To predict ncRNAs in Eucalyptus, the genome sequence was scanned using Infernal⁶³ with the covariance models (that is, a combination of sequence consensus and RNA secondary structure consensus) of 1,973 RNA families in the RFam database v10.1 (refs 64, 65). The bit score cutoff of the Infernal search was set as the TC cutoff value that was used by RFam curators as the trusted cutoff. The Infernal search result was further filtered by an e-value cutoff of 0.01. To examine the ncRNA conservation between Eucalyptus and other plant genomes, the Eucalyptus ncRNA candidate sequences obtained from the Infernal search were used as queries to search against the genome sequences listed above using BLAT⁵¹ with a minimum coverage (that is, minimum fraction of query that must be aligned) of 80% and a minimum identity of 60%.

5′ UTR empirical curation

Approximately 2.9 million E. grandis ESTs and ∼700 million RNA-seq reads from seven diverse tissues were used to empirically curate 5′ UTR annotations. At each locus, the predicted, EST and RNA-seq derived 5′ UTR lengths were compared. An empirical annotation was prioritized over an in silico prediction and the longest empirical transcript was preferred. Those loci which had a 5′ UTR reported by only FGenesH retained their annotation as the best current annotation.

Genome evolution

We used the E. grandis genome sequence information (http://www.phytozome.net/eucalyptus.php) to unravel the Myrtales evolutionary palaeo-history leading to the modern Eucalyptus genome structure of 11 chromosomes. Independent intraspecific (that is, paralogue) and interspecific (that is, orthologue) comparisons were necessary to infer gene relationships between Eucalyptus and the other rosid genomes. We applied a robust and direct approach^45,46 allowing the characterization of genome duplications by aligning the available genes (36,376) on themselves with stringent alignment criteria and statistical validation.

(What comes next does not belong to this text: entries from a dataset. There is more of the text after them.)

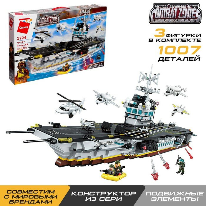 Qman Конструктор Военная зона «Авианосец», 3 минифигуры, 1007 деталей информация: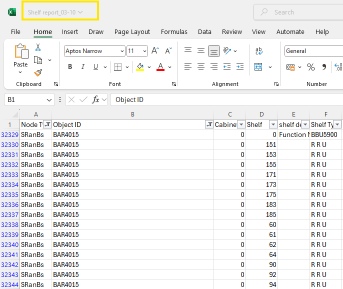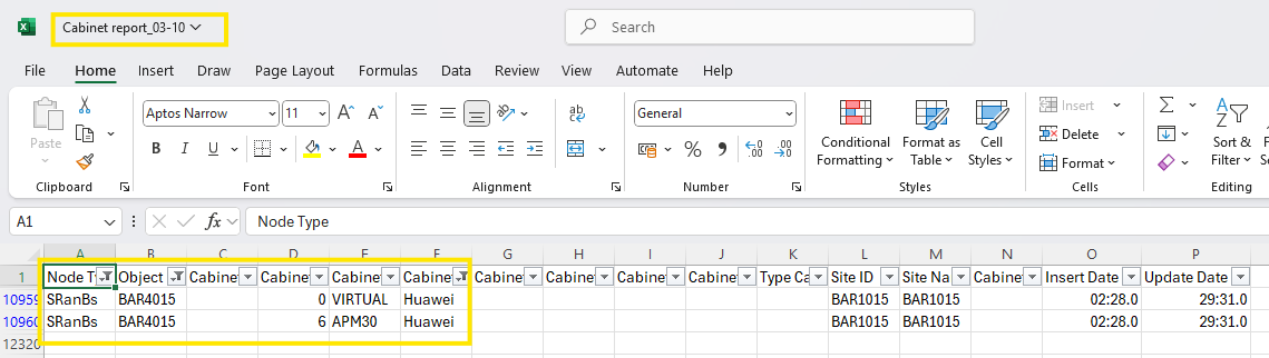 For SRAN node BAR4015, the Individual Cabinet/Shelf/Board Report shows: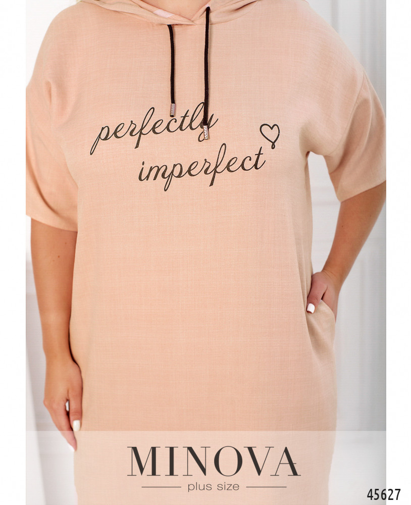 Минималистичное платье в спортивном стиле с декоративным принтом на груди отличается универсальностью, удобством и практичностью. Эта модель дополнена капюшоном на кулиске, короткими рукавами с приспущенной линией плеч и карманами в боковых швах Пояс НЕ входит в комплект.

We used the VISTA pipeline infrastructure^47,48 for the construction of genome-wide pairwise DNA alignments between E. grandis and Populus trichocarpa. To align genomes we used a combination of global and local alignment methods. First, we obtained an alignment of large blocks of conserved synteny between the two species by applying Shuffle-LAGAN global chaining algorithm⁶⁶ to local alignments produced by translated BLAT⁵¹. After that we used Supermap, the fully symmetric whole-genome extension to the Shuffle-LAGAN. Then, in each syntenic block we applied Shuffle-LAGAN a second time to obtain a more fine-grained map of small-scale rearrangements such as inversions.

Syntenic regions between Eucalyptus chromosome 3 and Populus chromosome XVIII were defined as segments of contiguous sequence. Each contiguous block of DNA was annotated and cross-compared between the two species. Gene models within the syntenic blocks were compared based on a sliding window representing 10 gene models with an allowance of two intercalated gene models. Genes occurring in tandem repeats on either the Eucalyptus or Populus chromosomes were counted as a single locus in either case. The constructed genome-wide pair-wise alignments can be downloaded from http://pipeline.lbl.gov/downloads.shtml and are accessible for browsing and various types of analysis through Phytozome (http://phytozome.org).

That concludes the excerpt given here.